» Your objective: In the entries below, find the line containing "- DISTINCTIVE DESIGN" and the line containing "The potential sites". Copy those two lines and everything between them exactly, without the pictures.

» Records for this task:
-*-
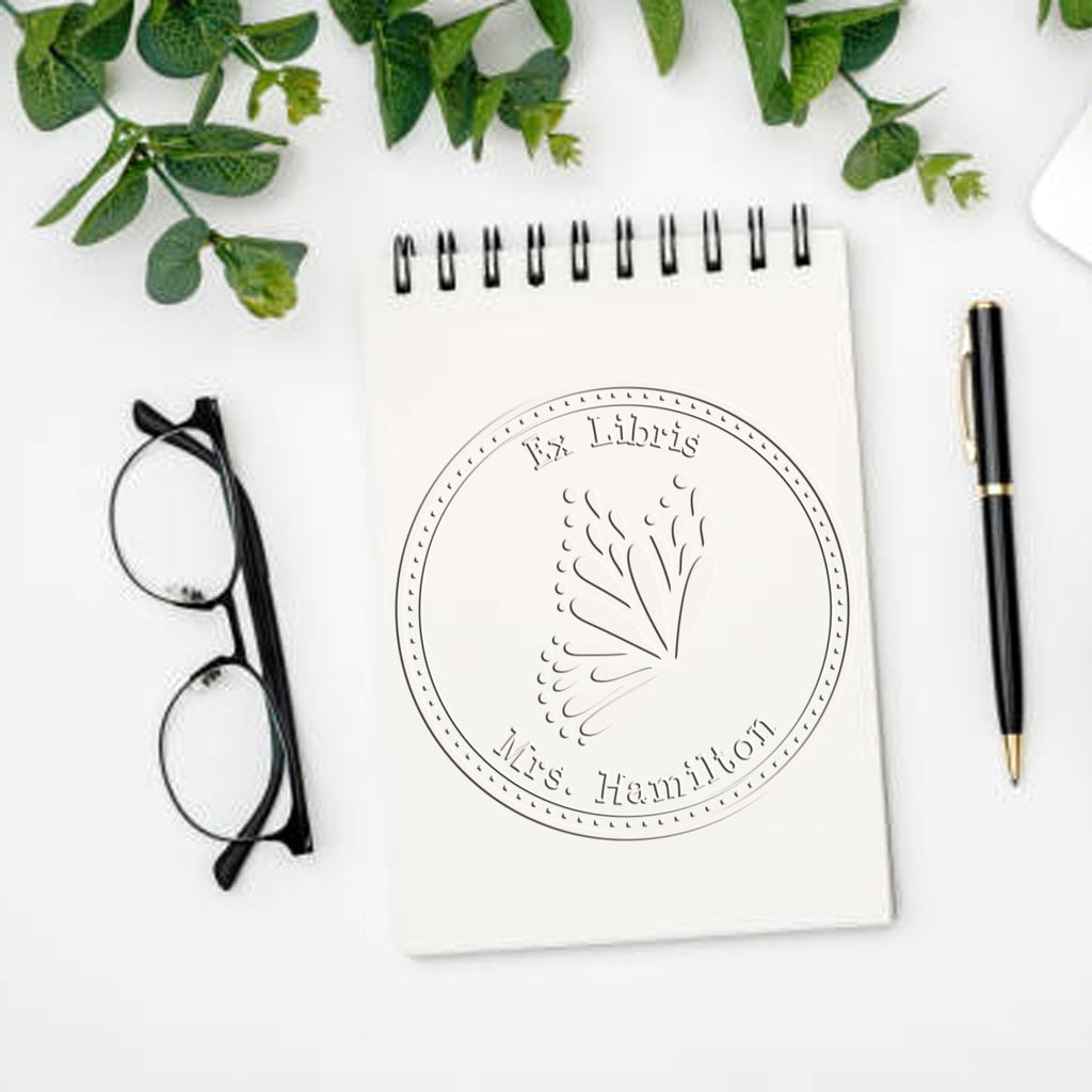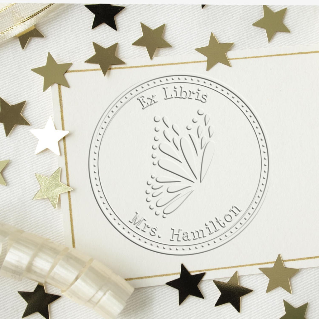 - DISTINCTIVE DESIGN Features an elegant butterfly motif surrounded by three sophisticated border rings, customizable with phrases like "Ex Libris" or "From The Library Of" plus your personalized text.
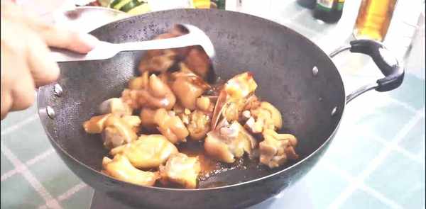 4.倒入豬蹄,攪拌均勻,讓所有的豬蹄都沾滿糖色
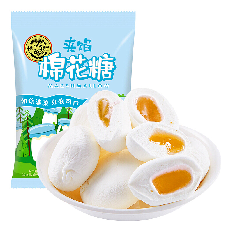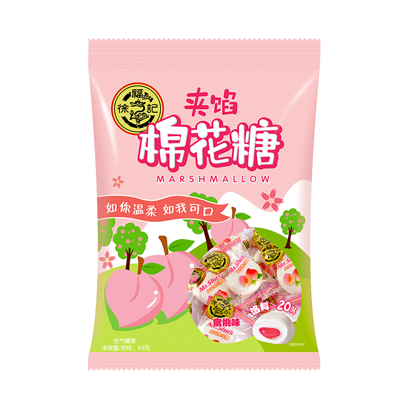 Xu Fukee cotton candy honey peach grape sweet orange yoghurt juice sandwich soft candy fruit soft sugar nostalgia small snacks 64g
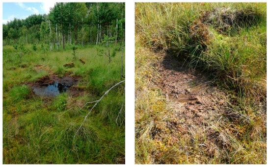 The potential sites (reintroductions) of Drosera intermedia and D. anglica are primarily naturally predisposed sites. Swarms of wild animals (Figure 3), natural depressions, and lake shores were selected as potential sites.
-*-
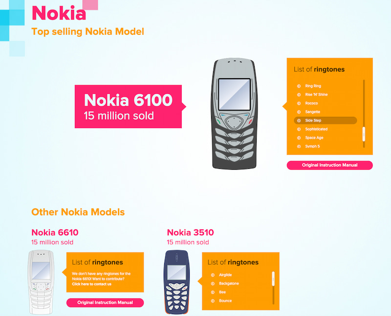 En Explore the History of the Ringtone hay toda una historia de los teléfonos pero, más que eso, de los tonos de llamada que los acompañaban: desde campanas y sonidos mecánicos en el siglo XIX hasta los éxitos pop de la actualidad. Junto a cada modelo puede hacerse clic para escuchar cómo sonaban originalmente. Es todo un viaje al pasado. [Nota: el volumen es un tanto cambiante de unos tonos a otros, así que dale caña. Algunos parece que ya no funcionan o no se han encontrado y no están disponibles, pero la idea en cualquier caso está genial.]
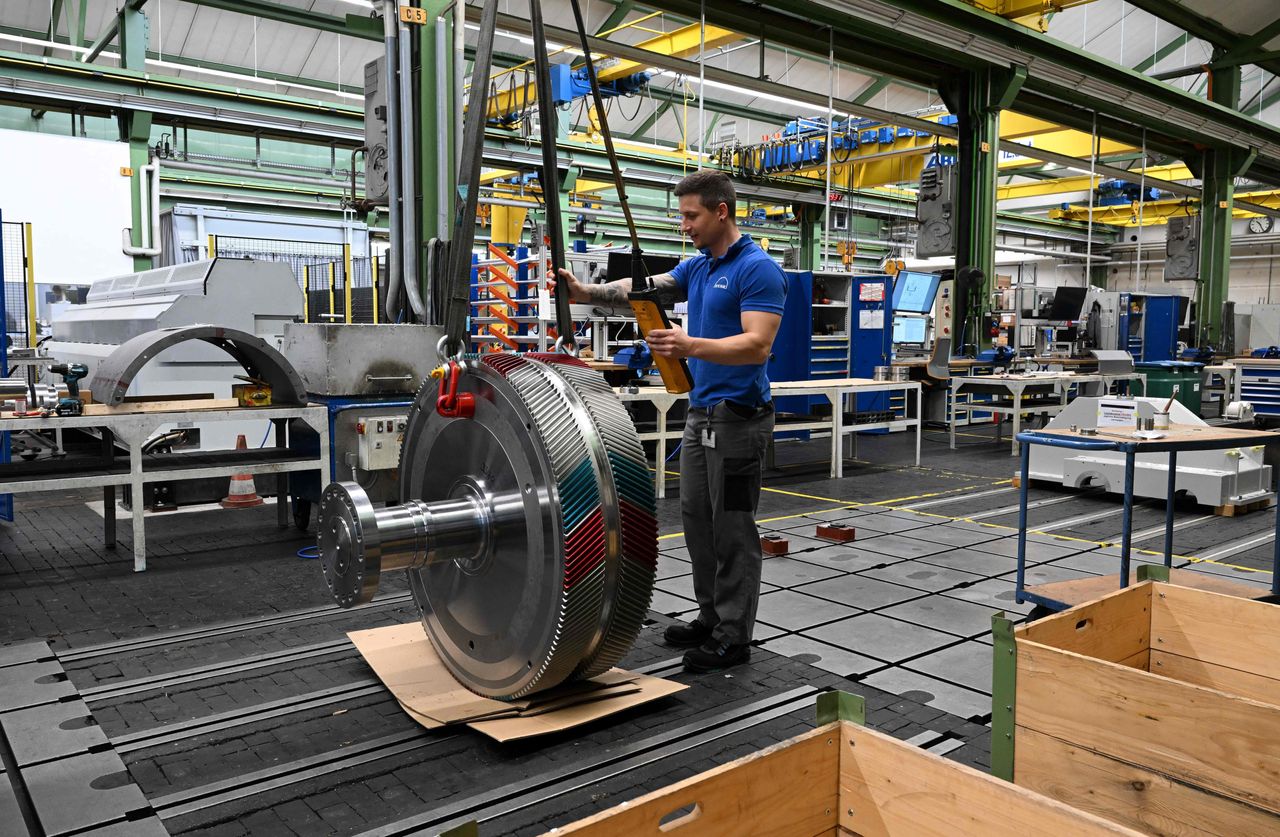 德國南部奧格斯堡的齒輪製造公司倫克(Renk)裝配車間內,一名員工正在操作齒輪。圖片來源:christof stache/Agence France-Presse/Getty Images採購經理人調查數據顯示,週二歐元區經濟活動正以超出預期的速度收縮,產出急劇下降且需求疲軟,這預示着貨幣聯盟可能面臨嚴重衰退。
-*-
» Result for this task:
 - DISTINCTIVE DESIGN Features an elegant butterfly motif surrounded by three sophisticated border rings, customizable with phrases like "Ex Libris" or "From The Library Of" plus your personalized text.
 4.倒入豬蹄,攪拌均勻,讓所有的豬蹄都沾滿糖色
 Xu Fukee cotton candy honey peach grape sweet orange yoghurt juice sandwich soft candy fruit soft sugar nostalgia small snacks 64g
 The potential sites (reintroductions) of Drosera intermedia and D. anglica are primarily naturally predisposed sites. Swarms of wild animals (Figure 3), natural depressions, and lake shores were selected as potential sites.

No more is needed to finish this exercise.